We can see in the Kernel source that it has a number of arguments and the second argument is a pointer of type "struct nvme_command":
grep -rnI " nvme_submit_user_cmd(" lunar/
lunar/drivers/nvme/host/ioctl.c:141
static int nvme_submit_user_cmd(struct request_queue *q,
struct nvme_command *cmd, u64 ubuffer,
unsigned bufflen, void __user *meta_buffer, unsigned meta_len,
u32 meta_seed, u64 *result, unsigned timeout, bool vec)
{
Let's check what members does the "struct nvme_command" have?
grep -rnI "struct nvme_command {" lunar/
lunar/include/linux/nvme.h:1740
struct nvme_command {
union {
struct nvme_common_command common;
struct nvme_rw_command rw;
struct nvme_identify identify;
struct nvme_features features;
struct nvme_create_cq create_cq;
struct nvme_create_sq create_sq;
struct nvme_delete_queue delete_queue;
struct nvme_download_firmware dlfw;
struct nvme_format_cmd format;
struct nvme_dsm_cmd dsm;
struct nvme_write_zeroes_cmd write_zeroes;
struct nvme_zone_mgmt_send_cmd zms;
struct nvme_zone_mgmt_recv_cmd zmr;
struct nvme_abort_cmd abort;
struct nvme_get_log_page_command get_log_page;
struct nvmf_common_command fabrics;
struct nvmf_connect_command connect;
struct nvmf_property_set_command prop_set;
struct nvmf_property_get_command prop_get;
struct nvmf_auth_common_command auth_common;
struct nvmf_auth_send_command auth_send;
struct nvmf_auth_receive_command auth_receive;
struct nvme_dbbuf dbbuf;
struct nvme_directive_cmd directive;
};
};
Within "struct nvme_command" we would like to access the "struct nvme_common_command common" member.
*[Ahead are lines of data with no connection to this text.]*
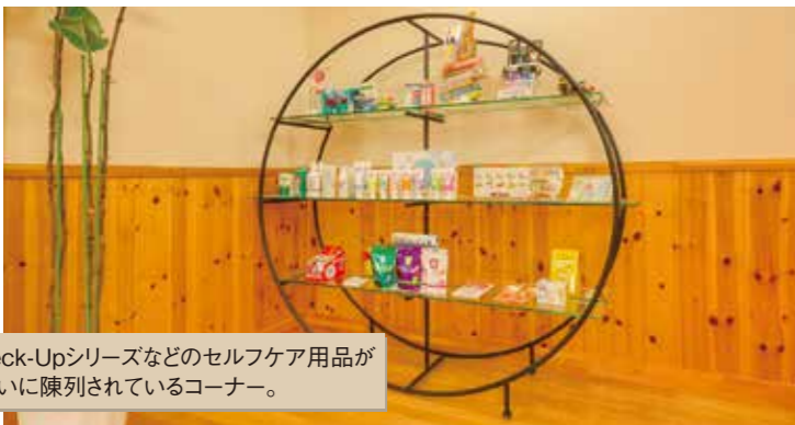
Check-Upシリーズなどのセルフケア用品がきれいに陳列されているコーナー。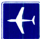
III Bi 3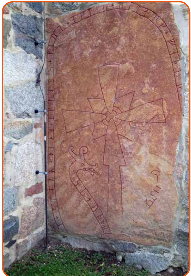
Egy falba épített gamlai rúnakő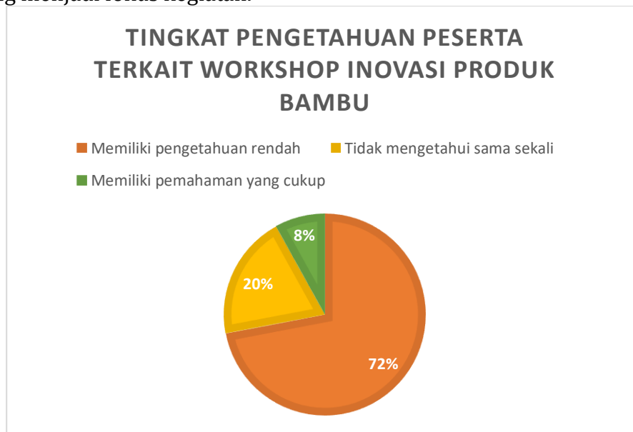
Gambar 7. Diagram tingkat pengetahuan peserta terkait workshop inovasi produk bambu

yang cukup terhadap materi tersebut. Temuan ini mengindikasikan bahwa sebelum pelatihan dilaksanakan, tingkat pemahaman masyarakat sasaran masih sangat terbatas pada ketiga aspek yang menjadi fokus kegiatan.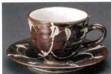
錆ツタ絵抜き 土物

495-1-217 コーヒーC/S 3,900円 69405213 495-2-217 カップ 2,250円 8.9×11.2×7.3cm(240cc) 69406213 495-3-217 受皿 1,650円 14.9cm 49503217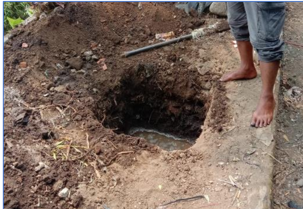
Gambar 27 Lubang Dudukan Tiang PJU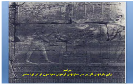
شکل ۱- اولین بلوک های گلی بر سرستونهای معبد فرعون مصر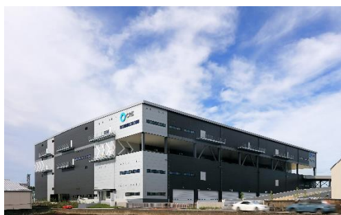
17 ロジスクエア三芳 2020年6月竣工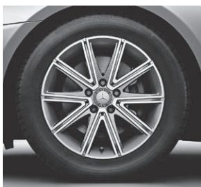
43,2 cm (17") Leichtmetallrad im 10-Speichen-Design (R93)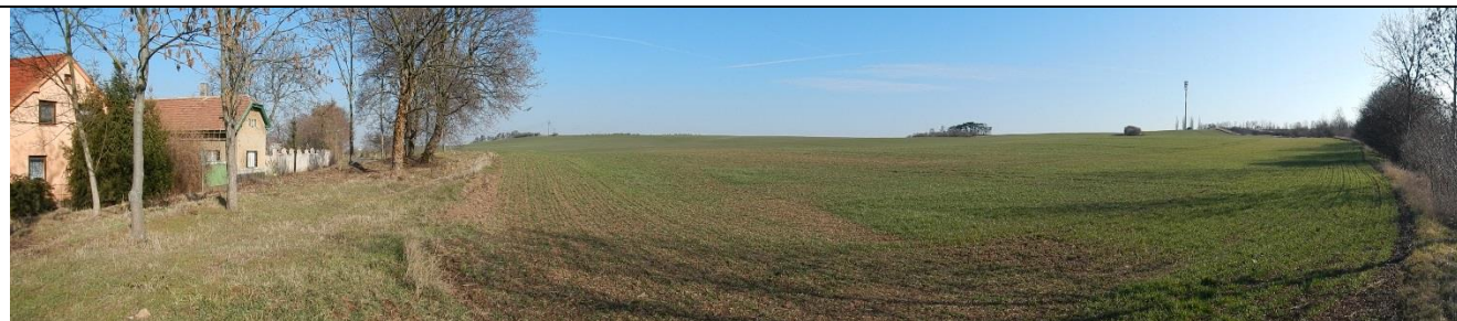
obr. 1 – Celkový pohled na KB a lokalitu nad ním

Stávající kritický bod se nachází mimo vodní tok na východním okraji částí obce Klučov - Lstiboř. Celé povodí kritického bodu je tvořeno zemědělskými pozemky, které jsou svažité směrem k zástavbě Lstiboře. Ohroženým místem je obytná zástavba na okraji obce, která není chráněná proti srážkovým vodám. Propustky pod místními komunikacemi nezajišťují jejich dostatečné odvedení.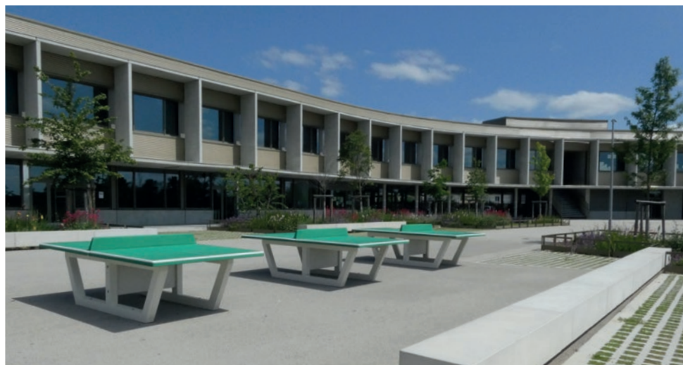
La cour du collège de Seysses au printemps

L'équipe municipale a procédé dès 2020 à une modification du PLU et des actions ont été nécessaires pour finaliser le projet. Situé route de Labastidette, le collège de Seysses a ouvert ses portes à la rentrée 2022 et profite à 400 élèves. Ce nouveau bâtiment à énergie positive propose un environnement d'études optimal pour favoriser la réussite scolaire, garantir l'égalité des chances et répondre au défi climatique.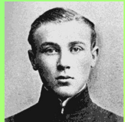
М.Булгаков студент 1 курса медицинского факультета Киевского Императорского университета св.Владимира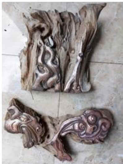
Gambar 9. Proses pembentukan ukiran tembaga karya Agni Murup

Proses pembentukan logam tembaga dilakukan tahap demi tahap, diawali dari pembakaran logam tembaga dengan menggunakan kompor, tujuannya agar logam menjadi elastis dan mudah dibentuk. Selanjutnya tahap berikutnya menempelkan desain yang sudah ada di atas plat logam tembaga dengan menggunakan lem, kemudian baru dipasang di atas jabung yang sudah disiapkan kemudian baru dimulai proses pemahatan dimulai dari pahat rancangan untuk membentuk goresan di atas logam sesuai desain yang ada, kemudian baru dilakukan pemahatan wudulan yang tujuannya untuk membuat cembung pada bagian-bagian permukaan logam sesuai disain. Tahap berikutnya baru dilakukan pembentukan detail secara bertahap sehingga bisa membentuk pahatan sesuai dengan yang telah ditentukan, detail dibuat sebaik mungkin sehingga memperlihatkan pahatan yang baik. Selanjutnya baru dibuat garis kontur yang tegas dengan menggunakan pahat logam, dan kemudian baru diberi tekstur pada bagian-bagian tertentu sesuai desain, jika hasil tatahannya sudah dianggap selesai, baru dilakukan pembakaran logam yang masih menempel tadi di atas jabung untuk bisa diangkat dan dibersihkan.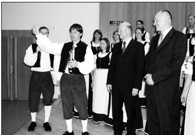
Vysokoškolský umělecký soubor křtí nové CD za přítomnosti rektora UPa a ředitele Meterostavu, a.s. obl. Pce - HK, partnerů VUS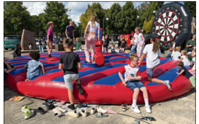
Børnene hyggede sig med forskellige aktiviteter.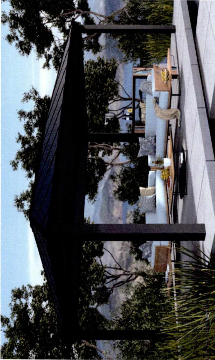
Figure 4 CONTOH ATAP GARAJ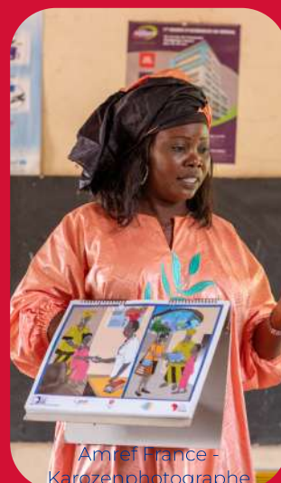
Amref France - Karozenphotographe

Le projet Capital Santé se renouvelle grâce au soutien de la Coopération Monégasque. Il intervient dans la région de Kolda au Sénégal. Ce projet a pour objectif global de contribuer à réduire la morbidité et la mortalité des enfants (0 à 14 ans) de la région casamançaise, particulièrement ceux du District Sanitaire de Kolda, en leur offrant un capital santé optimal à travers l'engagement et l'interrelation de 3 environnements à savoir l'école, la communauté et les services de santé. Présent dans 20 écoles, le projet se poursuivra jusqu'en février 2023.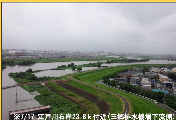
※7/17 江戸川右岸23.8k付近(三郷排水機場下流側)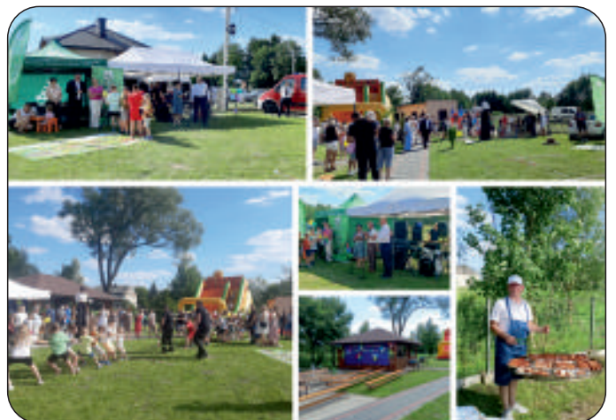
Atrakcje podczas letniej imprezy

Now let's check the layout of the "struct nvme_common_command" data structure in the Kernel source code:
grep -rnI "struct nvme_common_command {" lunar/
lunar/include/linux/nvme.h:907
struct nvme_common_command {
__u8 opcode;
__u8 flags;
__u16 command_id;
__le32 nsid;
__le32 cdw2[2];
__le64 metadata;
union nvme_data_ptr dptr;
struct_group(cdws,
__le32 cdw10;
__le32 cdw11;
__le32 cdw12;
__le32 cdw13;
__le32 cdw14;
__le32 cdw15;
);
};
"struct nvme_common_command" has this "opcode" member plus a number of other members like command_id, nsid (Namespace ID), cdw10 (Command Dword 10 is an NVMe command specific field) which values we want to trace with our eBPF program.
Clone the libbpf-bootstrap repository and submodules and install dependencies:
sudo apt install clang libelf1 libelf-dev zlib1g-dev
git clone --recurse-submodules https://github.com/libbpf/libbpf-bootstrap
This will also clone the submodule repositories:
https://github.com/libbpf/blazesym
https://github.com/libbpf/bpftool
https://github.com/libbpf/libbpf
Create eBPF program development directory and copy here all the utility files and directories from libbpf-bootstrap:
mkdir nvme_ebpf
cd nvme_ebpf
cp -r ../libbpf-bootstrap/{blazesym,bpftool,libbpf} .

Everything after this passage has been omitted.